Thursday, October 23, 2025

Taking Religion Seriously -- Review of Charles Murray's Book

 

Taking Religion Seriously isn’t a book you would expect from a political scientist most well known for Losing Ground and The Bell Curve.  It’s not, however, surprising that a man eighty-two years of age should ponder the topics addressed in this brief work that can be read in a few hours.  Broadly speaking those topics are God, morality, and Christianity.

Though Murray claims no special expertise on those matters, it’s obvious he’s devoted considerable time to exploring the subject matter--a largely intellectual journey that began three decades earlier with his wife’s pursuit of a religious community congruent with her profound experience of motherly love.  The latter search found a suitable destination with the Quakers.  Charles’ more intellectual investigations are summarized in this book which offers tentative conclusions plus a plethora of books suggested for further investigation. 

Part One of the book, “Taking God Seriously,” begins with the aforementioned spiritual awakening experienced by his wife, Catherine, whose “love for her [newborn] daughter surpassed anything she had ever known.”  It was, in her words, “far more than evolution required.”  Murray then focuses on his own spiritual limitations, discussing youthful Peace Corps experiences in Thailand and his largely unsuccessful attempts at meditation.  Those experiences, however, led him to see that people have “perceptual deficits” as well as talents that facilitate the ability to appreciate music, art, and spirituality.  This lack of spiritual perceptiveness, he notes, is facilitated by “Western modernity” which shelters most of us from the tragic aspects of life like the death of children that until recently plagued all people.    

Murray’s “secular catechism” in chapter three provides a succinct summary of the beliefs one is likely to inherit via cultural osmosis or higher education.  Those materialistic assumptions dismiss religion and reduce humans to highly evolved animals living on a “nondescript planet on the edge of a nondescript galaxy in a universe with a billion galaxies.”  Murray points out how unreflective that creed is, ignoring   fundamental mysteries like the amazing relationship of mathematics to the physical world and even failing to seriously ask why the universe itself exists.   

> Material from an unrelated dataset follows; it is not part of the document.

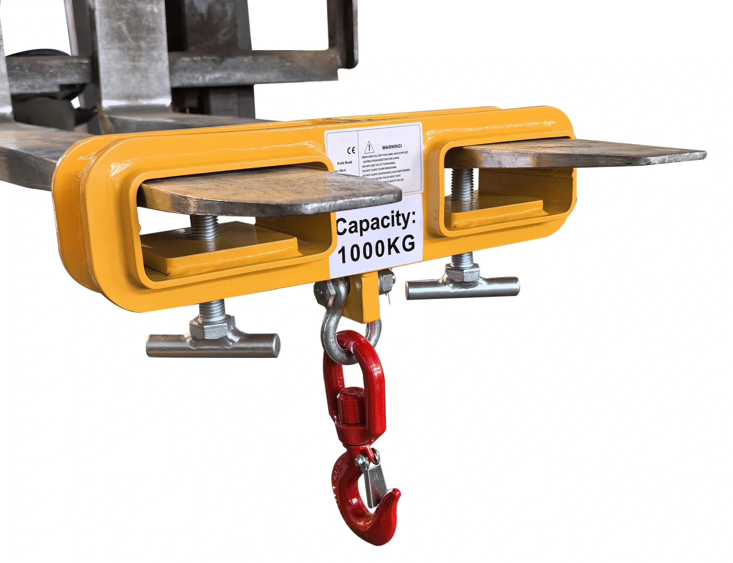 Där kranar eller traverser saknas men en truck finns tillgänglig, fungerar gaffelkroken som ett enkelt komplement för att lyfta hängande laster upp till 1 000 kg. Kroken monteras direkt på truckens gafflar via tunnlar med måtten 138 x 55 mm och är tillverkad i stål med en egenvikt på 14 kg. Med måtten 430 x 125 x 165 mm och lackering i RAL 1006 passar den för lager- och industrimiljöer där tillfälliga lyftbehov uppstår utan fast lyftutrustning.

Those observations lead to thoughts about the Big Bang and its relevance for the idea of God, observations whose detailed mathematical elements can be skimmed over by non-physicists and reduced to one conclusion: the odds of there being a universe at all are vanishingly slim. This analysis is essentially the cosmological argument for the existence of God employing unimaginable exponents like 10 to the 10th power raised to the 123rd power—a number that has more zeroes “than there are elementary particles in the entire universe.”  The jury is out on the precision of that number, as it is on an alternative theory Murray acknowledges but can’t embrace--the existence of “multiverses” that account for such long odds.   

Part One ends with unexpected data offered to challenge the prevailing materialistic assumption that the mind and consciousness are essentially related to the brain. That evidence includes near death and paranormal experiences.  Murray is well aware of the unreliability of many of these reports but points out that scientific analysis of some of these incidents is beginning to occur. He’s also unwilling to dismiss out of hand evidence not amenable to rigorous scientific methods.     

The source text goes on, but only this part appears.